**TASK DIRECTIONS**: Set down the listing below verbatim, but only from its first line through the line containing "Mini Bag Keychain".

**DATA FOR THE TASK**:
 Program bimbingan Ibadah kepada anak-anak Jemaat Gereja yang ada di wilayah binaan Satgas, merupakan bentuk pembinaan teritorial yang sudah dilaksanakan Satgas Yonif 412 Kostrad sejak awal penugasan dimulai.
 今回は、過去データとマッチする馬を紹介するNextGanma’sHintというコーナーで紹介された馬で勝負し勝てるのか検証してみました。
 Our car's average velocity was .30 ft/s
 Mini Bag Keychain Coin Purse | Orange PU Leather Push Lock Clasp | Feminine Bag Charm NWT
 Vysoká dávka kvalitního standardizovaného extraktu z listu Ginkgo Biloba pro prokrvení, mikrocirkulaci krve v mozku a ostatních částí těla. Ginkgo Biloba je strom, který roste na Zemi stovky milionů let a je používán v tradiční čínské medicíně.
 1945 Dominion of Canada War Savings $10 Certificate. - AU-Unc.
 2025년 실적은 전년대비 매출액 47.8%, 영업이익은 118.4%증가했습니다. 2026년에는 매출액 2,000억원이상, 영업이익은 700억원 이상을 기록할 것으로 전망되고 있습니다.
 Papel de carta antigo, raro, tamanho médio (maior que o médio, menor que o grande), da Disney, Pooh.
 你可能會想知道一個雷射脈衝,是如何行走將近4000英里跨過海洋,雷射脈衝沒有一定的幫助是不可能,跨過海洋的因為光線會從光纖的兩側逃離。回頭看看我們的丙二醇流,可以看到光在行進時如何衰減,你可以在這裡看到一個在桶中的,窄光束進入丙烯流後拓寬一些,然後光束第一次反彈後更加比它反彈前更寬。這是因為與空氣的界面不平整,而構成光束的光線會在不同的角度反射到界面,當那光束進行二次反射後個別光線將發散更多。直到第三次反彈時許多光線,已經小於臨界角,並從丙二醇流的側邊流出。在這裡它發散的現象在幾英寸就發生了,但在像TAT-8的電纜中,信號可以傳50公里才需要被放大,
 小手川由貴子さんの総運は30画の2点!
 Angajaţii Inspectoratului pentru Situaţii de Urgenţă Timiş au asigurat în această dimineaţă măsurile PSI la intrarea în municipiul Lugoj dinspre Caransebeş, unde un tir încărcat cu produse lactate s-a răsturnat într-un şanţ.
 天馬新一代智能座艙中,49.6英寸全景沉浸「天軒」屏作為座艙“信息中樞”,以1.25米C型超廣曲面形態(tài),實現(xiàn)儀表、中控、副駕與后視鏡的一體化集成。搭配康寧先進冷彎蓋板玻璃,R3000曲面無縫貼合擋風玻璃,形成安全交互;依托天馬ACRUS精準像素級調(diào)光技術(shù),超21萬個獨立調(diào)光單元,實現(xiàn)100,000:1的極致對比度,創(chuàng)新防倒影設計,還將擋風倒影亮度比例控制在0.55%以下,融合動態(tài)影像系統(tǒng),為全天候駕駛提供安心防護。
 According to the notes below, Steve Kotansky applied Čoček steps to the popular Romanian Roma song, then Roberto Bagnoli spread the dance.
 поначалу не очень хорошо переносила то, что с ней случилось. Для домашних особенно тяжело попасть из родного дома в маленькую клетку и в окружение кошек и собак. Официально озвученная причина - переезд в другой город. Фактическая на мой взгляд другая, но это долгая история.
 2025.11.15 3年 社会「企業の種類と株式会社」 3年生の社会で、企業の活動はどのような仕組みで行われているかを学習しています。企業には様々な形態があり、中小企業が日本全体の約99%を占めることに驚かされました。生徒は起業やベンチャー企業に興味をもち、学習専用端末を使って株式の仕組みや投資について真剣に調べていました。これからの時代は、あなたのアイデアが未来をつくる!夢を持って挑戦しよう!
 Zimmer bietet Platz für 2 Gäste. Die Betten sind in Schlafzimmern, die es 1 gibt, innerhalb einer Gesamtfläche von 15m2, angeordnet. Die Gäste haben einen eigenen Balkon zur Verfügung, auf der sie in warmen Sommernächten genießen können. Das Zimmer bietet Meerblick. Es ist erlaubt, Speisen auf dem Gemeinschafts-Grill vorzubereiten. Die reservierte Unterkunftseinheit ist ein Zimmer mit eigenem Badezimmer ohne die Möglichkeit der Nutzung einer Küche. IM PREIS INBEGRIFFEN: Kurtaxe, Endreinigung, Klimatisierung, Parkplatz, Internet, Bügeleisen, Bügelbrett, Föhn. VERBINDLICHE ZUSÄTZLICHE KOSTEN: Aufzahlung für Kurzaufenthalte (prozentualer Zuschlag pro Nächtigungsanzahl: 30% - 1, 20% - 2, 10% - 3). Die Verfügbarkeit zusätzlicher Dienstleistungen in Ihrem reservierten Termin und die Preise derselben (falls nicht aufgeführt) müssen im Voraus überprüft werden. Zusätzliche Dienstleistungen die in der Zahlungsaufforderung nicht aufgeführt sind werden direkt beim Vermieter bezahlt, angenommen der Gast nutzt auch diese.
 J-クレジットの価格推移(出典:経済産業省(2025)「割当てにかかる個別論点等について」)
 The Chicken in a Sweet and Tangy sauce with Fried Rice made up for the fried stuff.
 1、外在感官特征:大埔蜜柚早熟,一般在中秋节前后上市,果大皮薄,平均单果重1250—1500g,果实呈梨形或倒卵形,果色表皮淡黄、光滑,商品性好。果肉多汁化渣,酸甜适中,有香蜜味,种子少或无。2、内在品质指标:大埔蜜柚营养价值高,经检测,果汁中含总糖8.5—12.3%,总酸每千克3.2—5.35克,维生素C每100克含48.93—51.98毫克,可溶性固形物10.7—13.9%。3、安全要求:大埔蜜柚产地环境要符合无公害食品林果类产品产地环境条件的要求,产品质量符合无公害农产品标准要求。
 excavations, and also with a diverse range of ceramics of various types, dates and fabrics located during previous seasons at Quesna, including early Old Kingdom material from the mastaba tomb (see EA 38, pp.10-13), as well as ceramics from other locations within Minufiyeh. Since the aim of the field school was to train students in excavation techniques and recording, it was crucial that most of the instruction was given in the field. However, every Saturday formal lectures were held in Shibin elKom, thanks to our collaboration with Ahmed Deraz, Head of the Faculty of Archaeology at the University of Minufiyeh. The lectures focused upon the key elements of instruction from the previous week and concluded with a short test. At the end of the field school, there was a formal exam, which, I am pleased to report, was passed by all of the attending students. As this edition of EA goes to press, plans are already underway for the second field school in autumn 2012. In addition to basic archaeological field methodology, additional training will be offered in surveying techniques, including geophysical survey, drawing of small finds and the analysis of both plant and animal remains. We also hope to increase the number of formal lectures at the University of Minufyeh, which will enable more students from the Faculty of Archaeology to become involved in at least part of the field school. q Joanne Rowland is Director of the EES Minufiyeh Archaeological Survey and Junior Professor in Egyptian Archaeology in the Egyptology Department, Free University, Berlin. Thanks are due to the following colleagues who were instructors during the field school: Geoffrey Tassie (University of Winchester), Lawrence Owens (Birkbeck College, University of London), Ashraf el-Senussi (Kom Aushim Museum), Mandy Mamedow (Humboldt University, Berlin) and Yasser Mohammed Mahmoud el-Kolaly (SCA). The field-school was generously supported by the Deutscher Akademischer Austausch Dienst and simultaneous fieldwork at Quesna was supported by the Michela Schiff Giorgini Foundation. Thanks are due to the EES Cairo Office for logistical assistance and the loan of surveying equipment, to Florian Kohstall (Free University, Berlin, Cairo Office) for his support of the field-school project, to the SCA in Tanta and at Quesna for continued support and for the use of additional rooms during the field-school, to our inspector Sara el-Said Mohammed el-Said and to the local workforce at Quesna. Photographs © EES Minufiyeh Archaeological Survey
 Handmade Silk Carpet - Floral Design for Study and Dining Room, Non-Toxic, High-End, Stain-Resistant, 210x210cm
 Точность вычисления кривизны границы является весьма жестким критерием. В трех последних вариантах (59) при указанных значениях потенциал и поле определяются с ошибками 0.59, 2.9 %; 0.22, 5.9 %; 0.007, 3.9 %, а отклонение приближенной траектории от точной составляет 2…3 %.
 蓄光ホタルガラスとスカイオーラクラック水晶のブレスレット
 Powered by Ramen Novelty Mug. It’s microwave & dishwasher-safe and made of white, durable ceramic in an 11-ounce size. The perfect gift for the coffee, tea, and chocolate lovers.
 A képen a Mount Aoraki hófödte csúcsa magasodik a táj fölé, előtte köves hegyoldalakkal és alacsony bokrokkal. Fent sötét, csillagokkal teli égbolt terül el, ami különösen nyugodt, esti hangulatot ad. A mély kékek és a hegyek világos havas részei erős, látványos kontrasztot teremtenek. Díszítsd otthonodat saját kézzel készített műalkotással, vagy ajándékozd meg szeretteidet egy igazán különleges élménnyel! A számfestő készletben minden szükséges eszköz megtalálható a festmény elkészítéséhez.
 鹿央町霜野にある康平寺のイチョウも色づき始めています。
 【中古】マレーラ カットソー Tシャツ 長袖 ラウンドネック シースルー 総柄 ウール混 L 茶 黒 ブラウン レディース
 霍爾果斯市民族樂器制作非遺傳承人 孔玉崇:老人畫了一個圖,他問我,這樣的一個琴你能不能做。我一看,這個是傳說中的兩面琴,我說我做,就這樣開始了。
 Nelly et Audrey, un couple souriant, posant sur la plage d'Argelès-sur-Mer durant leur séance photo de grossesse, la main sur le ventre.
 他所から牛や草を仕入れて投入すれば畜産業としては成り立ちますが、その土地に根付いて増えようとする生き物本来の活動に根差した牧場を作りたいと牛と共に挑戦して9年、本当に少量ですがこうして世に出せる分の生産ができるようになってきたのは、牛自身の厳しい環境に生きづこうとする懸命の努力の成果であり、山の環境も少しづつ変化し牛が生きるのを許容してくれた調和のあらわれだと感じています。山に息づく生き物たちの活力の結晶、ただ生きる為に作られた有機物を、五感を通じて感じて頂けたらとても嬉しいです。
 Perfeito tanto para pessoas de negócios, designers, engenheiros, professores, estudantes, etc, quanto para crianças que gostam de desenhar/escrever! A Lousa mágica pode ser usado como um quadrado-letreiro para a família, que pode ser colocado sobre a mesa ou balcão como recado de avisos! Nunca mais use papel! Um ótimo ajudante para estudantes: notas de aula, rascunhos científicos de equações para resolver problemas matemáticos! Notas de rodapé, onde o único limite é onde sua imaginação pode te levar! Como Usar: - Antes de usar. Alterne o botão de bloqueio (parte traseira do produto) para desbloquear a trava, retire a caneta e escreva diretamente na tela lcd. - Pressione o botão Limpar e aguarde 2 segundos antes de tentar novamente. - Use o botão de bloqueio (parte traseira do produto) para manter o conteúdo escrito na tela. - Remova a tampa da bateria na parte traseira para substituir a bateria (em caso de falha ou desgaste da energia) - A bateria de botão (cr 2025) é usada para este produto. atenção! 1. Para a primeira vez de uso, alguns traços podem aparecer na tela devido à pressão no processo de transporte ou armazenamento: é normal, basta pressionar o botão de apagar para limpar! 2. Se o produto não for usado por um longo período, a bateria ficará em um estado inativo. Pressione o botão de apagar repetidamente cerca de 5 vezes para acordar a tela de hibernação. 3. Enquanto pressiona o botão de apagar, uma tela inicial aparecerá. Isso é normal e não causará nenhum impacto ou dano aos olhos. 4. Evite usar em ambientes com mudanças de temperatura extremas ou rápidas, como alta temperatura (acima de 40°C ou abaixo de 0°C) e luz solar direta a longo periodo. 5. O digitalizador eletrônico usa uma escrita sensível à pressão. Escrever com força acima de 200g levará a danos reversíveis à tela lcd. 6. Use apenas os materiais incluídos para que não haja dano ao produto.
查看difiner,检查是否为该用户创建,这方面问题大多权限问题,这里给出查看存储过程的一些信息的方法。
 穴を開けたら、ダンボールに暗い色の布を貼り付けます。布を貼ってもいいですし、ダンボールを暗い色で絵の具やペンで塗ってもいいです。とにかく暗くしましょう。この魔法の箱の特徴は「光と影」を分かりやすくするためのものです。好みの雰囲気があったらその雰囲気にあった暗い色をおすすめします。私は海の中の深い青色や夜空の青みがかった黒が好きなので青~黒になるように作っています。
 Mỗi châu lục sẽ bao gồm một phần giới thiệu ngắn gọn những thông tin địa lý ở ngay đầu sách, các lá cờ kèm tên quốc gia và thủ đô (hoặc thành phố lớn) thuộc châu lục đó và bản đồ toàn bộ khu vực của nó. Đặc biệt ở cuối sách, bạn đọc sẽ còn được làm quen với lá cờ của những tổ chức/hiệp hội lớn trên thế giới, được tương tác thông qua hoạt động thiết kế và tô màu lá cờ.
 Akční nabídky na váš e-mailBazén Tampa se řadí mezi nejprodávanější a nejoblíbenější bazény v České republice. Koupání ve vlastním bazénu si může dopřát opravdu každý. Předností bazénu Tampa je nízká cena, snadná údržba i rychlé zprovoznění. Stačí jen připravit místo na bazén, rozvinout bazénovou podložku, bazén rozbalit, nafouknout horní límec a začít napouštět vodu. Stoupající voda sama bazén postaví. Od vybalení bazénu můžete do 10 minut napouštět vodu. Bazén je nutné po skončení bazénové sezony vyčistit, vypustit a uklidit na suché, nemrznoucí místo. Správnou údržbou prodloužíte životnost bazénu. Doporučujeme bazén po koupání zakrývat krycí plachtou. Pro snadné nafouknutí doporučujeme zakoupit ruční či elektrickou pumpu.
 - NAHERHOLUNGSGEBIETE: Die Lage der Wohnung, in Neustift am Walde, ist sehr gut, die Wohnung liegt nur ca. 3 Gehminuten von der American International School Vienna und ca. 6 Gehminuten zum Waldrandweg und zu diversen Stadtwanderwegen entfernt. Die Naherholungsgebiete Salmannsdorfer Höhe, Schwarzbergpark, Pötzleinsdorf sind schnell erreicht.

**EXERCISE RESULT**:
 Program bimbingan Ibadah kepada anak-anak Jemaat Gereja yang ada di wilayah binaan Satgas, merupakan bentuk pembinaan teritorial yang sudah dilaksanakan Satgas Yonif 412 Kostrad sejak awal penugasan dimulai.
 今回は、過去データとマッチする馬を紹介するNextGanma’sHintというコーナーで紹介された馬で勝負し勝てるのか検証してみました。
 Our car's average velocity was .30 ft/s
 Mini Bag Keychain Coin Purse | Orange PU Leather Push Lock Clasp | Feminine Bag Charm NWT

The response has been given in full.